Lights, camera, legal action.
A Hollywood independent film distributor has pleaded guilty to stealing more than $30 million from a fund run by investment giant BlackRock and using the money to buy a $14 million mansion in Beverly Hills.
William Sadleir, 67, co-founded Aviron Pictures in 2017, distributing thrillers like “Kidnap” starring Halle Berry, and “Serenity” starring Matthew McConaughey and Anne Hathway.
Federal prosecutors say Sadleir launched the company with a $75 million investment from BlackRock’s multi-sector income trust fund. But instead of using that money for movies, prosecutors say he put more than $30 million in his own pockets.
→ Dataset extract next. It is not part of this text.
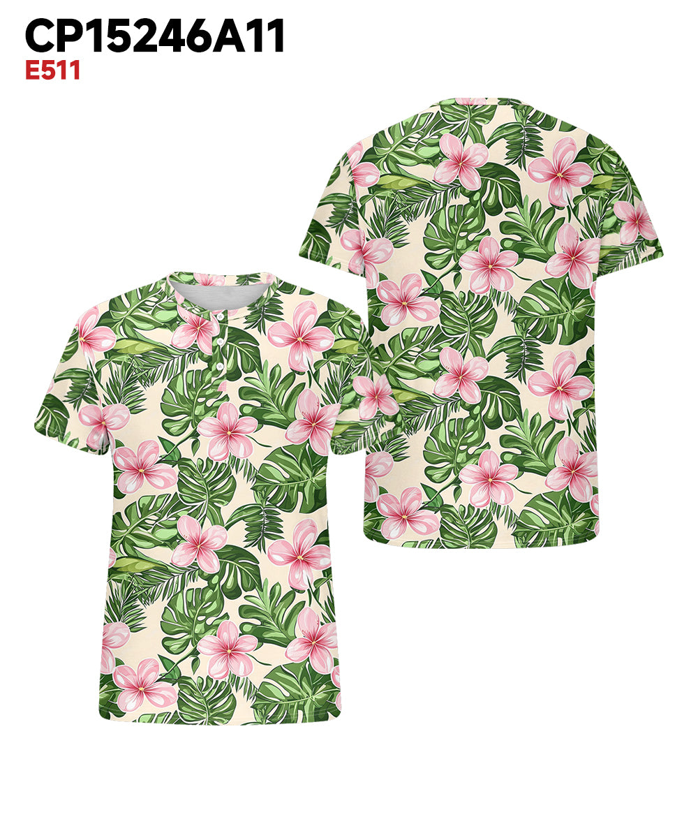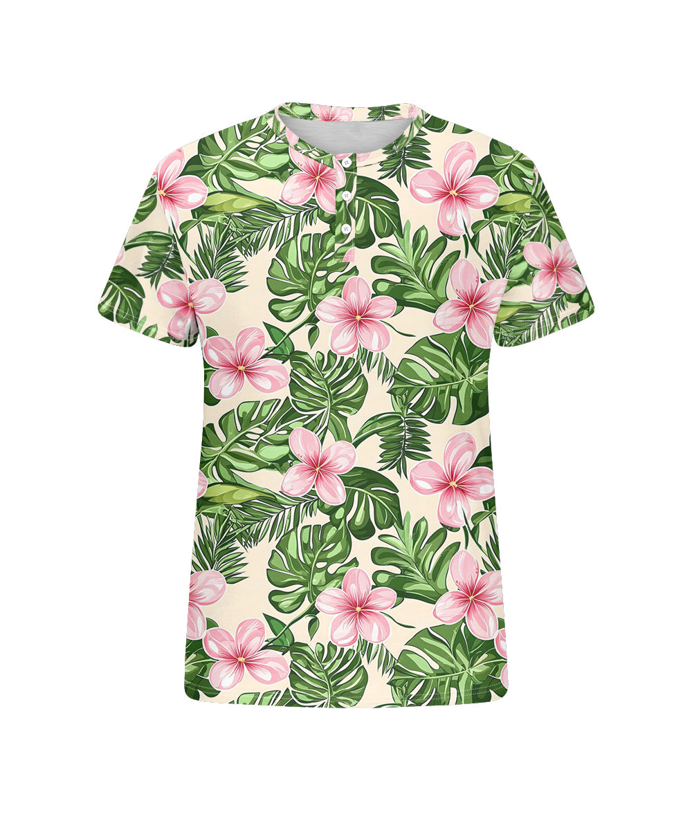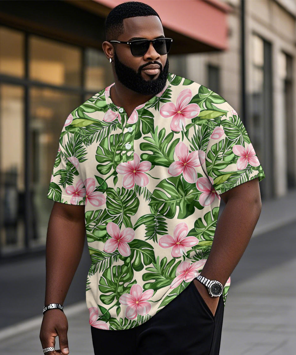 Men's Plus Size Hawaiian Green Floral Print Henry Collar Button Short Sleeve Tee
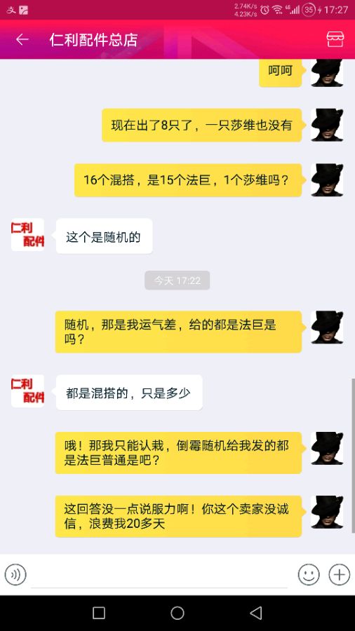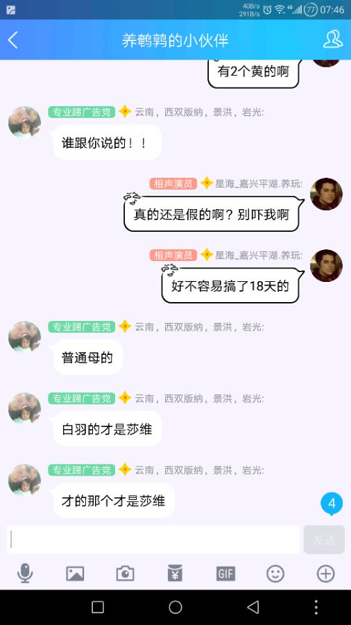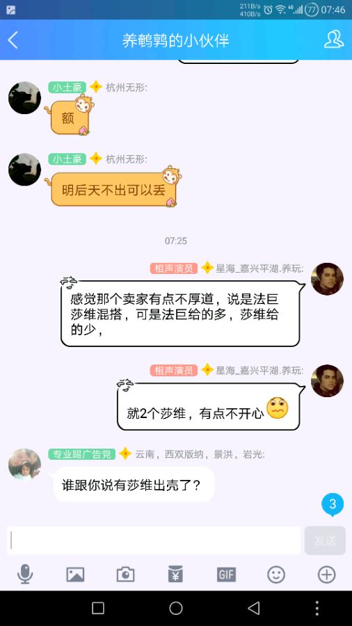 还要说一件事,就是某宝卖种蛋的那个骗子,买了法巨加莎维混搭的16个蛋,然后一只莎维都没有,那卖家就说让我认倒霉,说什么随机的,给了15个法巨1个莎维就是我运气差,这解释也太没说服力了吧!还拖了5天才发货,说蛋少让我排队,。排队就排队了,可拿假货骗人就是一个没诚信的人。后面我也看了别人评论,出11个,莎维却一个也没有。楼下看图

According to court documents, Sadleir spent $14 million to buy a lavish Beverly Hills mansion, $3 million to remodel Aviron’s Hollywood offices, $250,000 to settle a legal dispute and $127,000 for a Tesla. TSLA,
He also paid himself and his wife $350,000.
““We have put an end to Sadleir’s scheming, and he now faces a long sentence in federal prison.” ”
To divert the money, prosecutors say Sadleir set up a shell company and even impersonated a fictitious advertising executive to convince BlackRock that Aviron had used much of the money to fund non-existent marketing deals. . Sadleir was also accused of falsifying documents to lift BlackRock’s liens from certain intellectual properties in order to take out additional loans against them without the fund’s consent.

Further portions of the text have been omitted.